Internal link map for hub-and-leaf search layers

What this page covers
Internal link map for hub-and-leaf search layers
An internal link map shows whether leaf pages are organised under clear hubs or left as disconnected URLs within the site structure.
Radar maps URLs across home, hub, and leaf layers so UAE teams can see whether hubs exist, leaf clusters are clear, and the structure is easy to review.
In brief
- Use the map to confirm that important hub pages exist and that related leaf pages sit beneath them instead of appearing as isolated URLs.
- If leaf pages are not grouped under hubs, the practical fix is to create the missing hub pages and link each hub to its relevant leaves.
- A useful structure output should be simple enough to share with a teammate or client, so they can understand the layout without a long meeting.
What to do
Start with a scan of a real website and read the URL structure as a home, hub, and leaf map. Check whether hubs exist, whether leaf clusters are visible, and whether any pages look randomly disconnected.
If the scan shows leaf pages without a clear hub layer, improve the structure by creating relevant hub pages and linking each hub to its related leaves. This gives the site a cleaner search layer for review and planning.

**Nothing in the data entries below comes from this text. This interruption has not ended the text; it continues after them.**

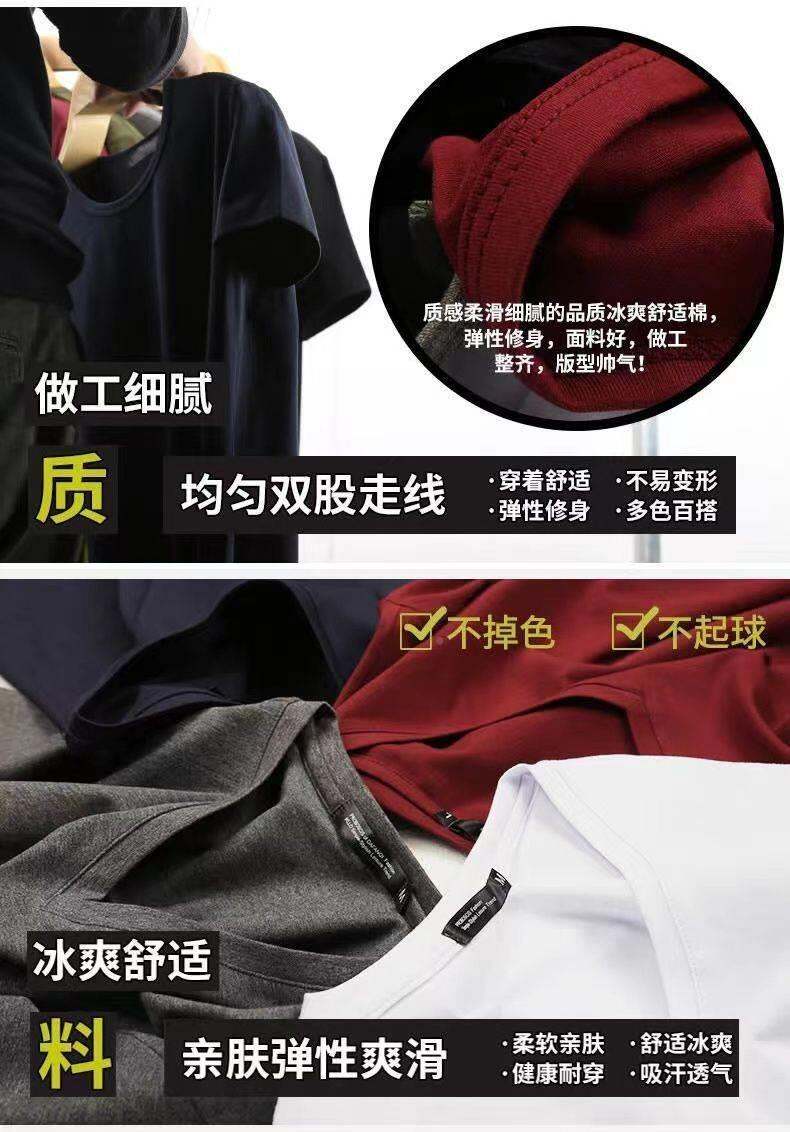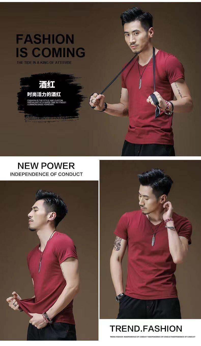 3vyy phong cách mới thời trang ngắn tay rắn màu người đàn ông V-Neck nửa đồ lót lót áo thun cơ thể tay áo lụa cơ thể sửa chữa T-shirt 1/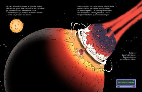 Il y a plus de 4 milliards d'année, le Système solaire n'est encore qu'un bébé. Quand soudain, un corps céleste percute la Terre. Quel choc cosmique ! De cette collision va naître l'astre qui fascine les humains depuis des millénaires : notre Lune. Une longue et périlleuse histoire, rythmée de pluies de météorites, d'envois de sondes vers sa face cachée, d'un premier grand pas pour l'humanité... à lire comme une aventure !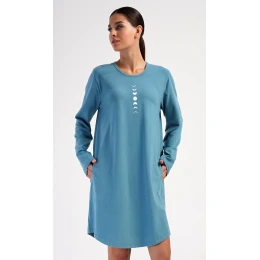 Dámske domáce šaty Elisabeth s dlhými rukávmi. Jednofarebné domáce šaty s dĺžkou po kolená, okrúhlym výstrihom a vreckami zdobí biela potlač mesačnej fázy. Bavlnený materiál s elastanom je mäkký a príjemný na dotyk.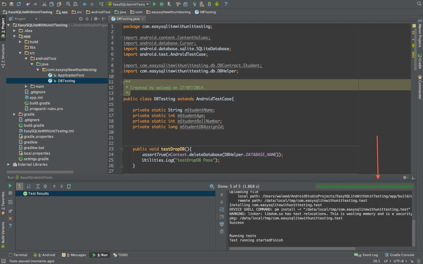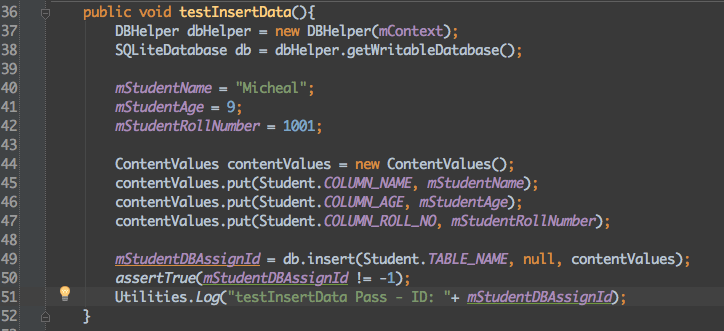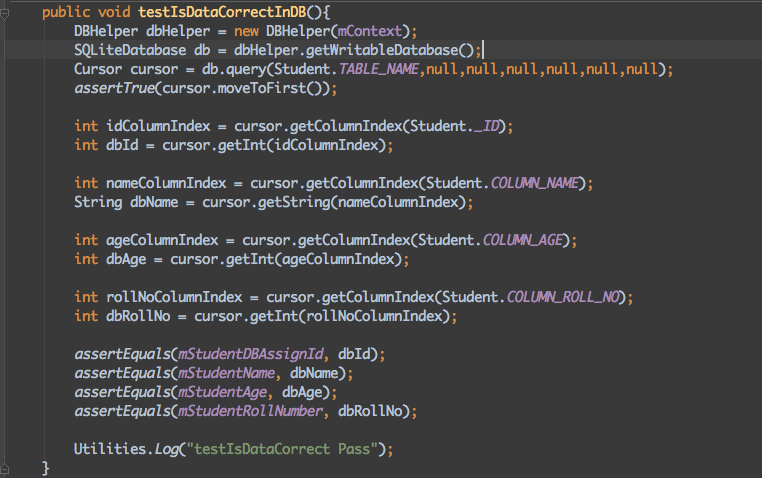 Now second method is testCreateDB if that pass its mean our DB creation is working properly. OK now one more small thing how we run our tests.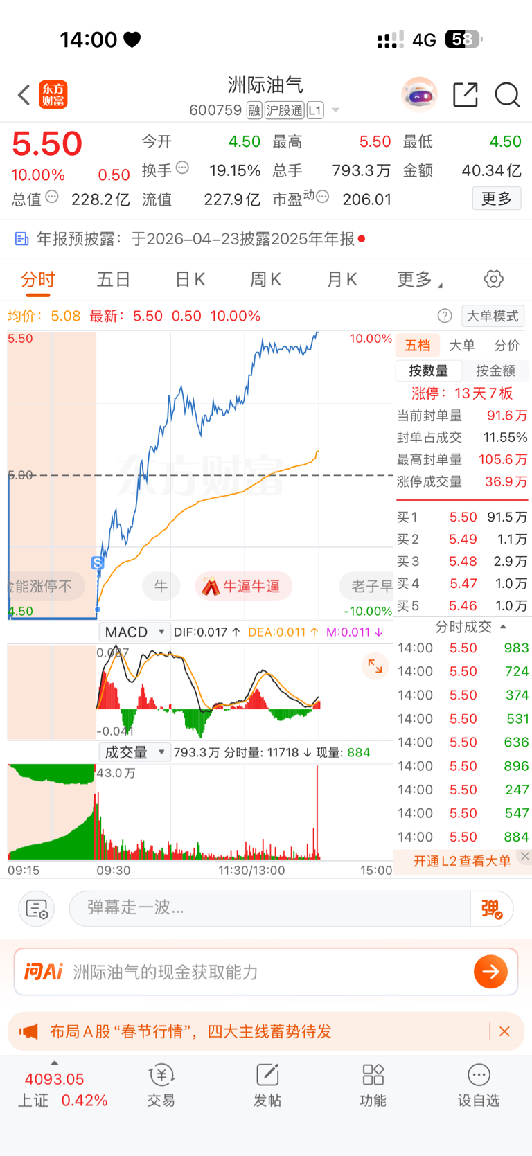 $洲际油气(SH600759)$ 唉,谁有我难受,早上没来得及撤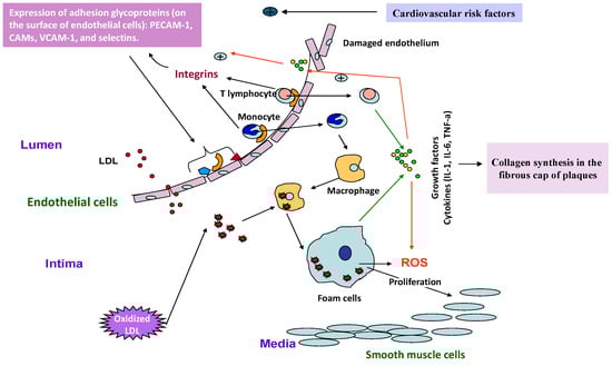 Hypothesis of atherosclerosis. Endothelial injury caused by cardiovascular risk factors promotes the expression of adhesion molecules (PECAM-1, CAMs, VCAM-1, and selectins), enabling leukocyte adhesion and transmigration. Oxidized LDL is taken up by macrophages, leading to foam cell formation and ROS production. These processes trigger cytokine release (e.g., IL-1, IL-6, and TNF-α), smooth muscle cell proliferation, and collagen synthesis, contributing to fibrous plaque development.

Radar’s demo output includes a URL structure map, a share link, and a basic public scans feed. The demo is capped at 1,000 pages per run, so it is best suited to quick structure validation.
What to keep in mind
This type of map is most useful when a site has enough URLs to form meaningful hub and leaf groups. If there are only a few pages, there may be limited structure to assess.
A Radar output can show details such as hubs, leaf pages, leaf-per-hub ratio, depth p90, orphan count, and empty hub count when available. One output showed 16 pages, 2 hubs, 13 leaves, depth p90 of 3, 0 orphan pages, and 0 empty hubs.
Treat the map as a structure check for the hub-and-leaf layer. Its value is in making the internal layout visible, shareable, and easier to discuss before deeper linking changes begin.